Security Energy Efficiency Analysis of Analog Collaborative Beamforming With Stochastic Virtual Antenna Array of UAV Swarm

To extend the transmission range governed by limited transmit power, collaborative beamforming (CB) can be employed with a virtual antenna array (VAA) constructed by an unmanned aerial vehicle (UAV) swarm. CB techniques combined with physical layer security (PLS) algorithms are known to better secure transmissions of sensitive information in the presence of eavesdropping attacks, compared to co-located antenna-based schemes. In particular, analog collaborative beamforming (ACB) with random VAA topologies, which is suitable for UAV networks due to its lower signaling/channel estimation overhead compared to the digital CB, can provide a significantly higher secrecy rate by creating noise-like signals at eavesdroppers. However, the increase in energy consumption to improve secrecy rate had been ignored in the existing ACB-based PLS schemes, which is of paramount importance considering the limited onboard energy of UAVs.
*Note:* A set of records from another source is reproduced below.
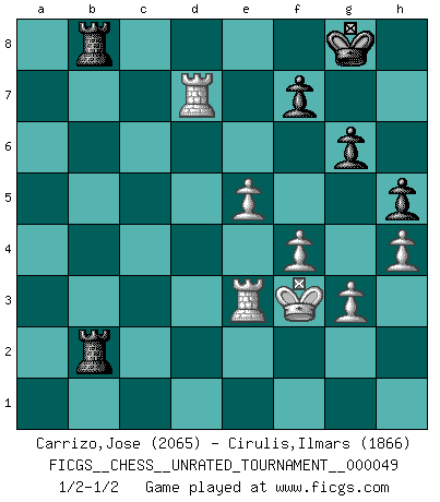 Last move : 1/2-1/2 2017 April 19 18:59:10 [Event "FICGS__CHESS__UNRATED_TOURNAMENT__000049"] [Site "FICGS"] [Date "2016.12.26"] [Round "1"] [White "Carrizo,Jose"] [Black "Cirulis,Ilmars"] [Result "1/2-1/2"] [WhiteElo "2065"] [BlackElo "1866"] 1.e4 e6 2.d4 d5 3.Nc3 Nf6 4.Bg5 Bb4 5.e5 h6 6.Be3 Ne4 7.Qg4 Kf8 8.a3 Bxc3+ 9.bxc3 b6 10.Bd3 Nxc3 11.h4 h5 12.Qf4 Ba6 13.Nf3 Bxd3 14.cxd3 Na4 15.Ng5 Qe7 16.O-O Kg8 17.Rfc1 a6 18.Qg3 Kf8 19.Qf3 Kg8 20.Rc4 b5 21.Rc2 c6 22.Qg3 Kf8 23.Re2 a5 24.Bd2 Qe8 25.Re3 Ra7 26.Rf3 c5 27.dxc5 Nc6 28.Qf4 Kg8 29.Rb1 Nxc5 30.d4 Ne4 31.Nxe4 dxe4 32.Qxe4 Ne7 33.Qd3 b4 34.axb4 axb4 35.Bxb4 g6 36.Bd6 Kg7 37.Bxe7 Qxe7 38.d5 exd5 39.Qd4 Rf8 40.g3 Ra6 41.Rb5 Kg8 42.Rxd5 Qa7 43.Kg2 Qxd4 44.Rxd4 Ra5 45.Re3 Re8 46.f4 Rb5 47.Rd7 Rb2+ 48.Kf3 Reb8 1/2-1/2 French : MacCutcheon, Janowski variation Kingside Castling by player White (move 16) This chess game ended in a draw. Follow this game move after move (download)Life is like a game of Chess, changing with each move. (Chinese proverb) Wenn ich Weiß habe gewinne ich weil ich Weiß habe, wenn ich Schwarz habe gewinne ich weil ich Bogoljubov bin. (Efim Bogoljubov) Fischer es el jugador mas fuerte del mundo. De hecho, el jugador mas fuerte que jamas haya existido. (Larry Evans) Vous m'avez demandé de vous exposer quel est le fondement de la prière. Je ne fais que préparer les pièces du jeu sur la table... Nous sera-t-il permis d'en adopter les règles et si nous les appliquons scrupuleusement nous ne tarderons pas à faire mat le Roi divin ! Il ne pourra échapper à nos mains. (Sainte Thérèse d'Avila, Chemin de perfection) A good teacher is like a candle - it consumes itself to light the way for others. (Author unknown)
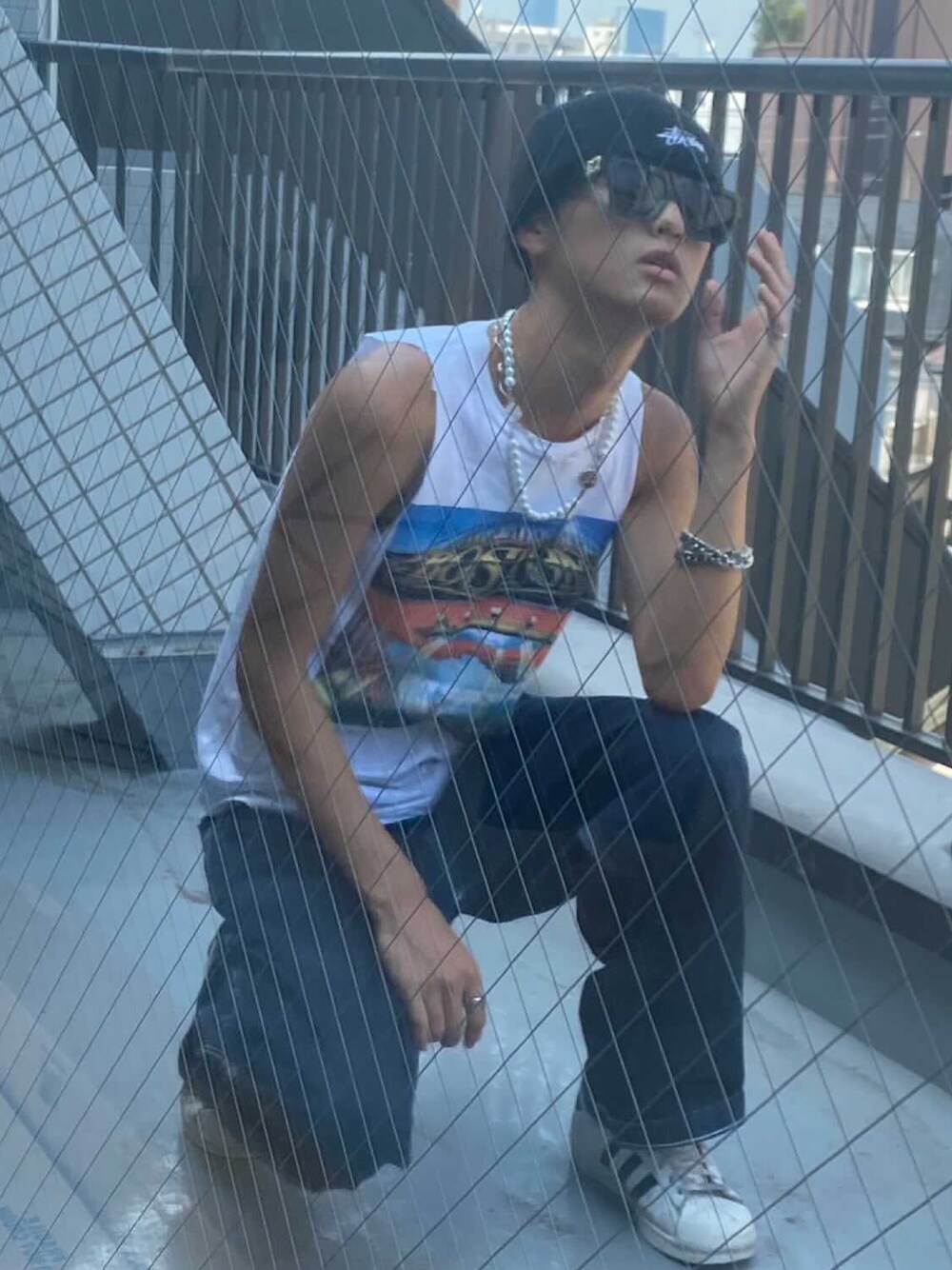 モデルをやらしてもらった時のスタイリングです!アクセサリーとサングラスがいい味を出していてニット帽があるかないかでまた変わってきます!まだまだ夏楽しみましょ!
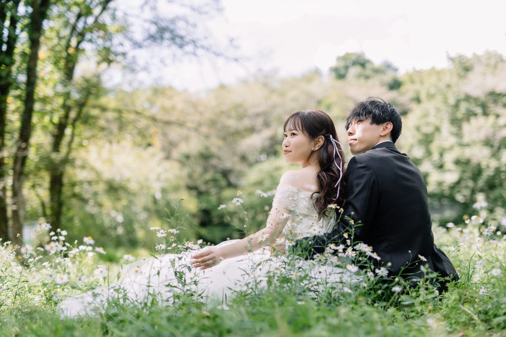 お花に囲まれて、蝶々もとんでいて、なんだかロマンティックな撮影スタートでした!
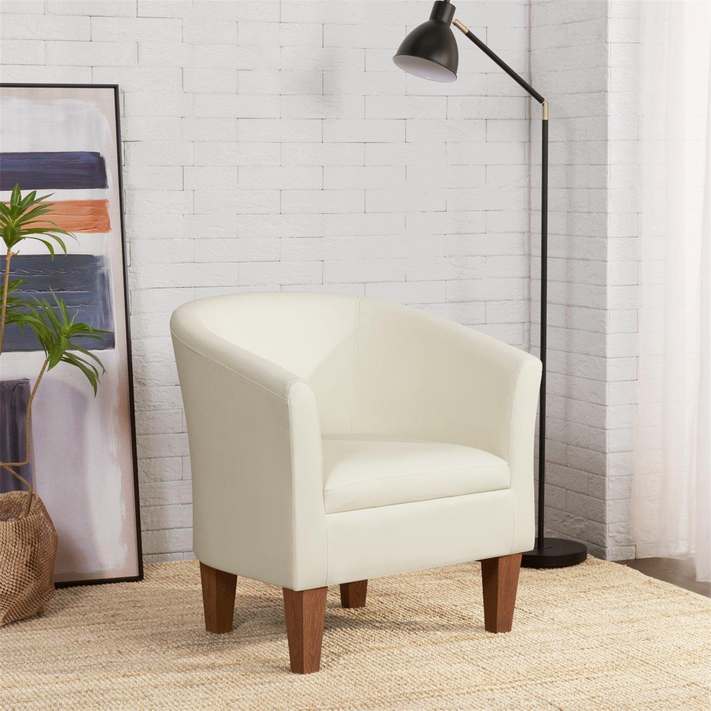 We bring to your this fantastic addition to any room in your home. Our tub chair is stylish, versatile and most importantly, comfortable.,This beautiful Tub Chair is upholstered in a quality faux leather in a choice of 4 colours; Black, Dark Chocolate Brown, Cream or Red. The frame is solid timber providing sturdy support for whoever is relaxing in it. Our Tub Chair is excellent value and is a modern, elegant addition to almost every room. It provides a comfy, cosy and modern place to relax.
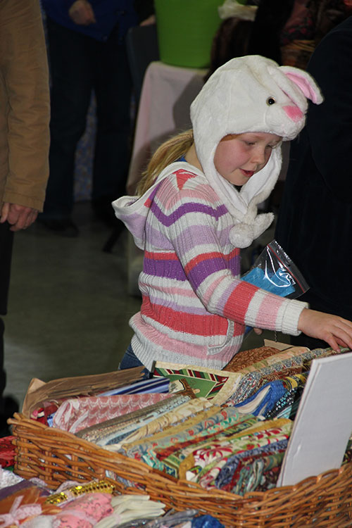 Young girl looking at fabric Fabric-a-brac Auckland 2014
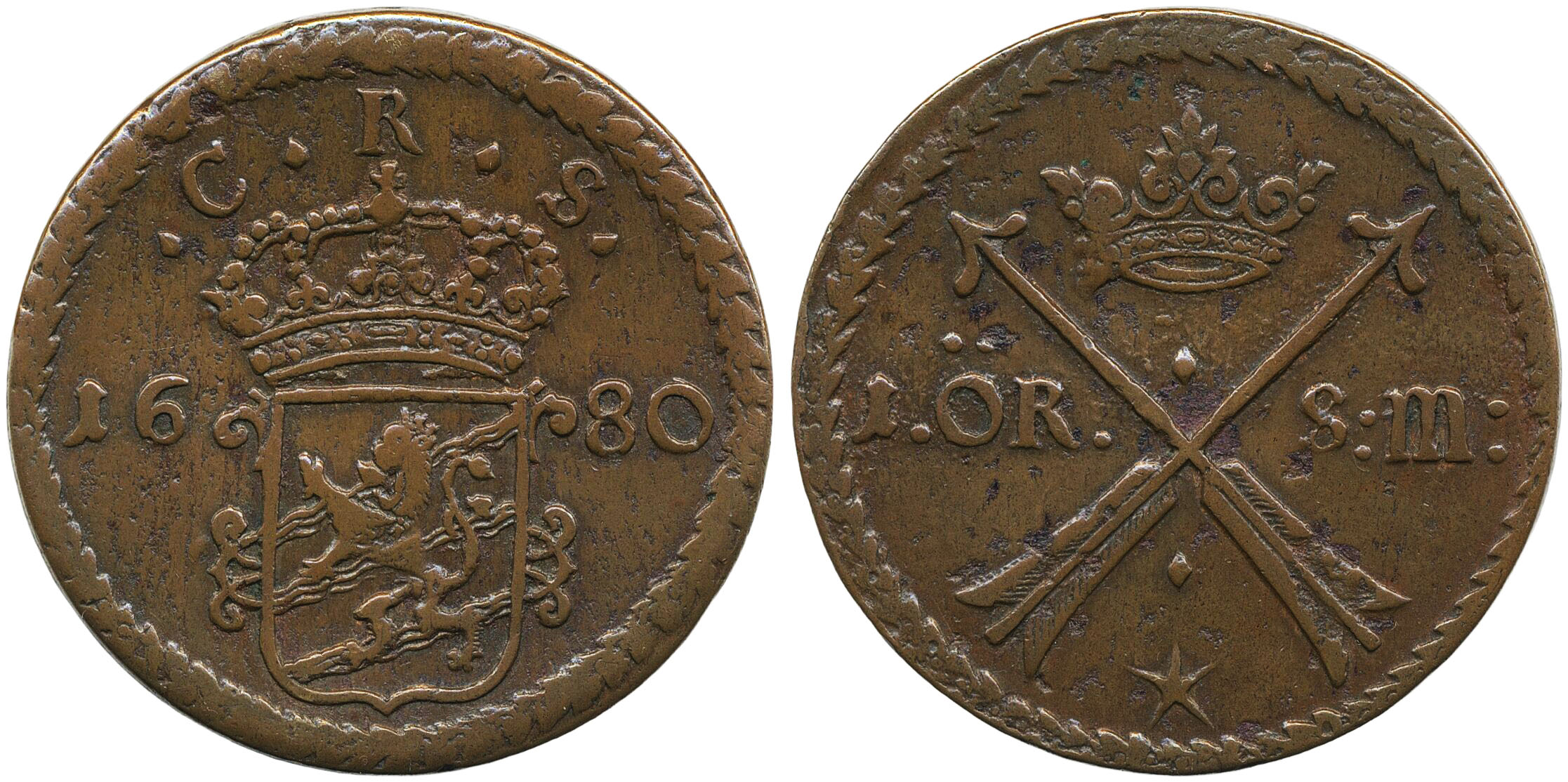 Coins, Sweden. Karl XI, SM 359, 1 öre SM 1680. 40.87 g. Avesta. 1/1+.
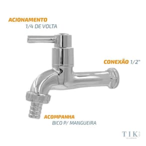 Produto: Torneira Para Tanque ABS 1/4 de Volta; Material: ABS Cromado Brilhante; Conexão: 1/2; Instalação: Parede; Acionamento: 1/4 de Volta; Temperatura: 0°C - 50°C; Pressão Mínima: 2 MCA - 50 MCA; Marca: Tik de Casa; Garantia: 12 Meses;
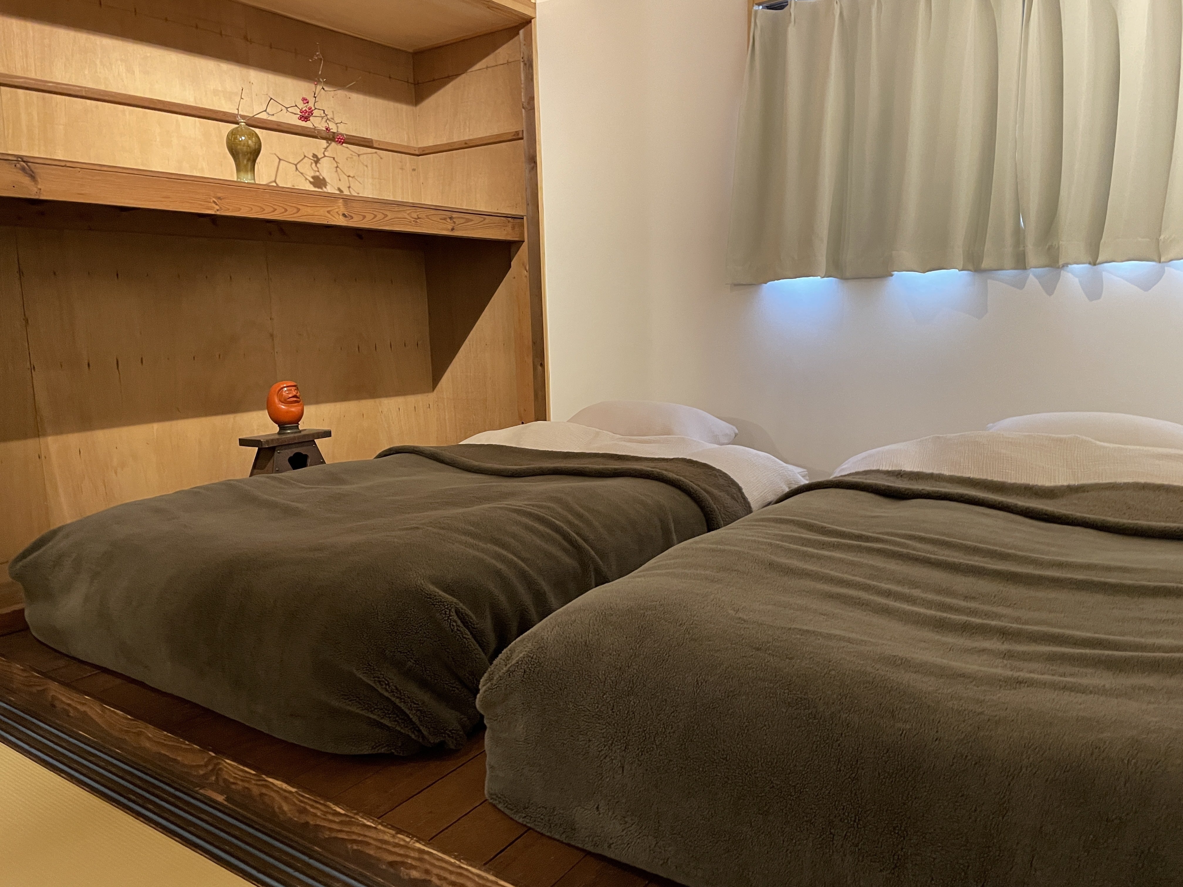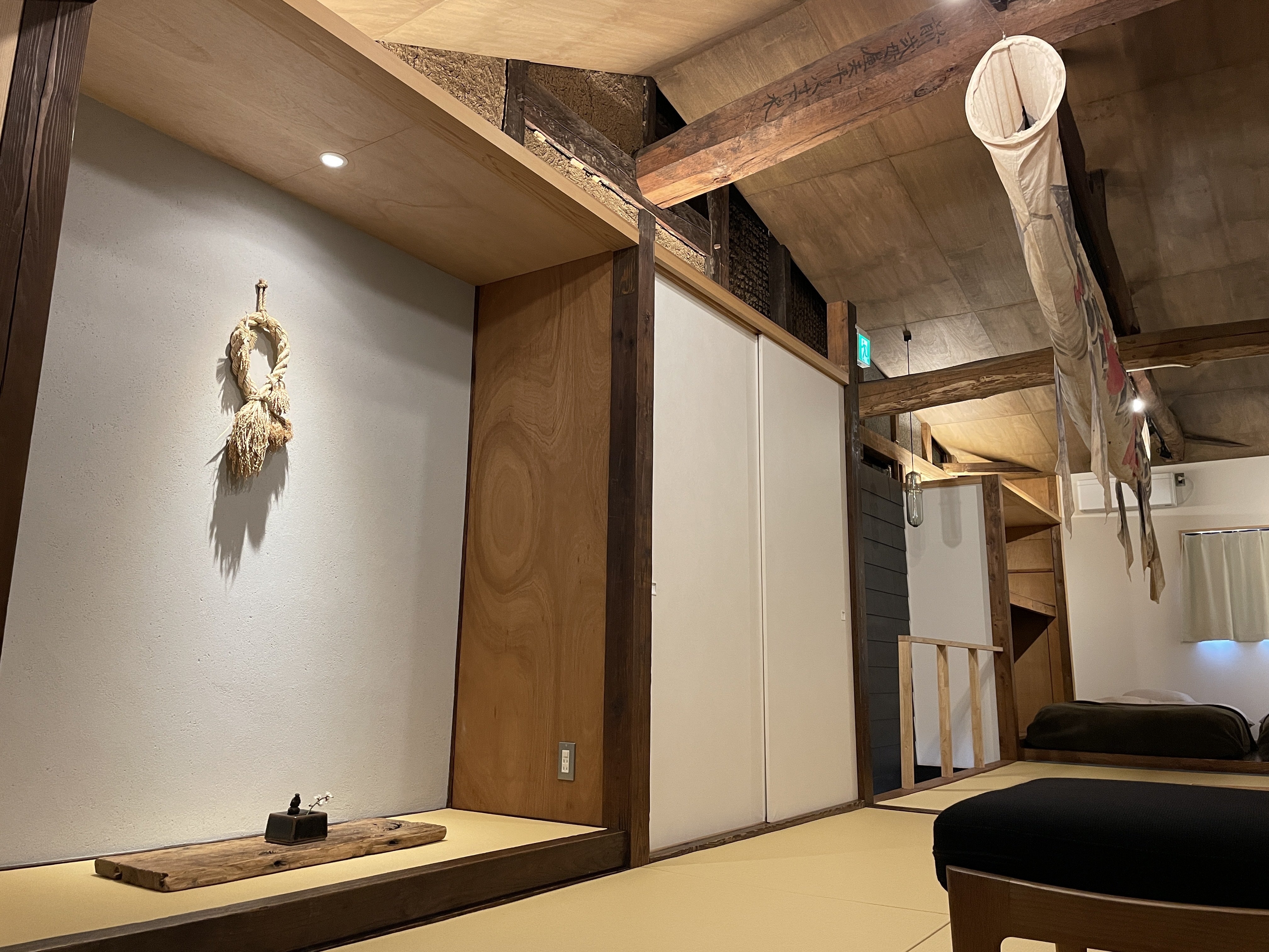 本日の活動報告です!今回のCAMPFIREでのクラウドファンディングのリターンに、松江と出雲shitsuで連泊プランがあるので、出雲のshitsuのご紹介。松江の宿の建物もかなり古いですが、出雲の宿も家主さんに聞いたところ、築80年以上は経っている町屋とのことで、しっかりとした梁がどことなく懐かしさを感じる建物です。味わいのある建物で素敵だったので、写真の床板は、もともと使われていた古材を再利用しています。また、すりガラスの引き戸もとても味わい深かったので、再利用したかったので枠を合わせてデザインしました。もともとの和の雰囲気を活かしつつモダンな空間に仕上げています!季節の野花をところどころに生けて、季節を感じて頂くしつらえをしています。落ち着いた空間が好みの方には、出雲のshitsuがオススメです!明日はパート②を投稿しますので、是非ご覧くださいませ。Instagramshitsu 出雲 → shitsu_shimaneshitsu 松江 → shitsu_matsue
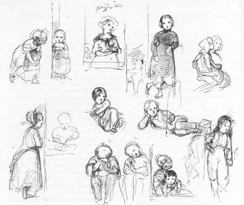 És még valami teszi ezt a «Bújócskát» különösen kedvessé: a mozdulat közvetlen bája. Jellemző Brockyra, hogy annyit képes egy mozdulatba belehelyezni, annyi édes, őszinte gyöngédséget, annyi kacagó kedvességet. A kis csöppség elrejtőzött a karosszék mögé és olyan komoly szepegássel lesi, hogy megtalálják-e, mintha a játék vége életkérdés volna ránézve ; és a nagyobbiknak a háta úgy kacag, olyan kíváncsi vígság és hamiskodó magatettetés van benne, hogy önkénytelen vele mosolygunk. Ezt a kedves kompozíciót megtaláljuk a tollrajzok nagy tömkelegében is egyhelyütt.
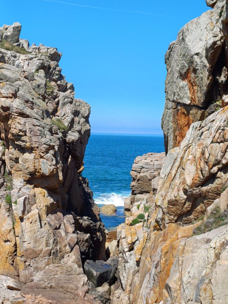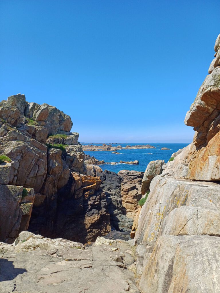 Gleich daneben befindet sich ein weiterer Touristenmagnet der Le gouffre (Schlucht) de Plougrescant,ist eine Klippe mit einem tiefen Einschnitt. Die Bucht wird auch als Höllenbucht bezeichnet. Als wir dort waren, war Niedrigwasser und schönster Sonnenschein. Angeblich sollen bei stürmischen Wetter Wind und Wellen durch den Spalt brechen, was die Kraft und Urgewalt des Ozeans deutlich demonstriert.
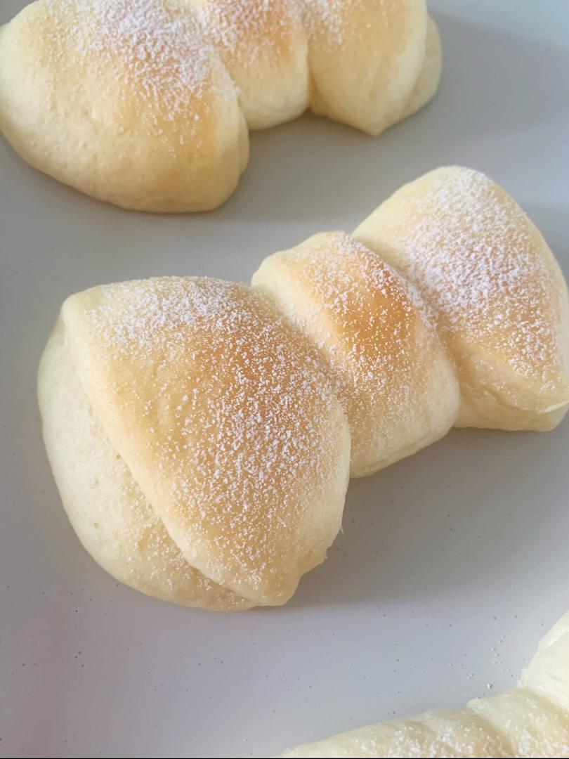 七月烤箱美食日记2⃣️整形超简单的蝴蝶结餐包。松弛好的面团用手拍扁,用刮刀如图2那样切三刀,面团对折,...

Thus, motivated by such limitation, in this paper, we examine the security energy efficiency of the ACB-based PLS technique, where a group of UAVs (or VAA elements) randomly change their locations in a distributed manner to randomize the array factor of the VAA, i.e., a stochastic VAA. The proposed stochastic VAA outperforms the existing static VAA in terms of secrecy energy efficiency as verified by analytic and numerical results. Further, the impact of phase errors of the proposed scheme is also presented, which indicates the significance of the accurate phase estimation.